Effect evaluation
Hooray, we have measurements in sufficient quantities! Now we could take the average of all the pairwise differences in store sales at the desired granularity between the pilot and control samples. However, this will be a random variable and it will be necessary to prove that the difference between the pilot and control groups is not due to random fluctuations in the values of this variable. To do this, the difference in the averages must be normalized to this range of fluctuations of this value, or in other words, to its dispersion. However, in itself it will also be a random value.
To answer the question about the presence of an effect, we use the hypothesis testing mechanism from mathematical statistics. Our hypotheses are that the pilot and control groups after our changes differ by some percentage, for example, 1, 5 or 10. We take different percentages, since the smaller the percentage, the more measurements are required to confirm the hypothesis of its presence. Each time we ask a series of consecutive questions: is there an effect of 10%, yes or no? If not, is there an effect of 5% and so on.
To confirm or refute our hypotheses, we use the Student's test mentioned above. It is based on using the difference in means between the pilot and control samples, which are normalized to the variance of the values and the sample size. In other words, the Student's t-test shows the difference in the difference between the means, subject to fixing the allowable error in accepting the hypothesis. That is, if we agree that the error of accepting an incorrect hypothesis does not exceed 5 percent (usually this value is taken), then under the conditions of the criterion, the values of the means either coincide or differ. This is exactly what we need to check.
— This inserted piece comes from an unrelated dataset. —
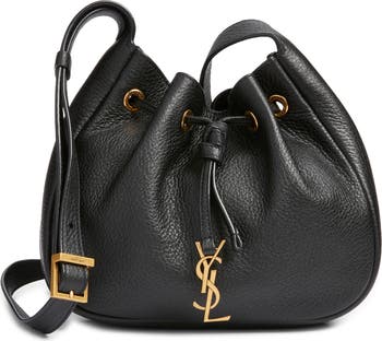 The maison's iconic interlocking Cassandre logo brands this mini-sized version of a hobo bag made from beautifully grained deerskin leather and cinched with a drawstring closure.

In summary, the entire test process looks like this: first, we form the target and control groups. Next, select the granularity of measurements. We take historical data and inject our expected effect on the metric into them (for example, 5%). We consider measurements on historical data based on the selected granularity and then run the measurements through the Student's criterion. We look at how long it takes us to get confirmation of the hypothesis about the effect of 5% (which is definitely there, since we injected it ourselves) on historical data. If the deadline does not suit us, then we adjust the granularity and again calculate the criterion. We do this until we get the test duration that suits us. After that, we start testing on real data and wait until one of our hypotheses is tested.
So, in the case of testing the new assortment content of stores, it took us three to four weeks to confirm the effects on revenue of several categories of 3-5%.
For example, the table below, using the Refrigerators category as an example, shows the dependence of the number of observations (in cells) that we need on the size of the effect (by rows) that we want to find, and the error in estimating the effect (by columns) that we agree allow.
We also use the confidence interval method to verify our effect estimate. Remember the bootstrapping we talked about above? We take the multi-mean difference between the target and control groups, and label each difference with a dot. We get a set of points (values) or, in other words, a set of difference estimation values. Among all these estimates, we take 2.5% and 97.5% percentile - this is our confidence interval in which our effect will be. If the range of effect values matches our expectations, fine, if not, then continue the test as described above. If the confidence interval crosses zero, then this means that there may be no effect at all and the test must definitely be continued. However, in our case, this should not be the case, since we previously checked the presence of the effect using the Student's t-test.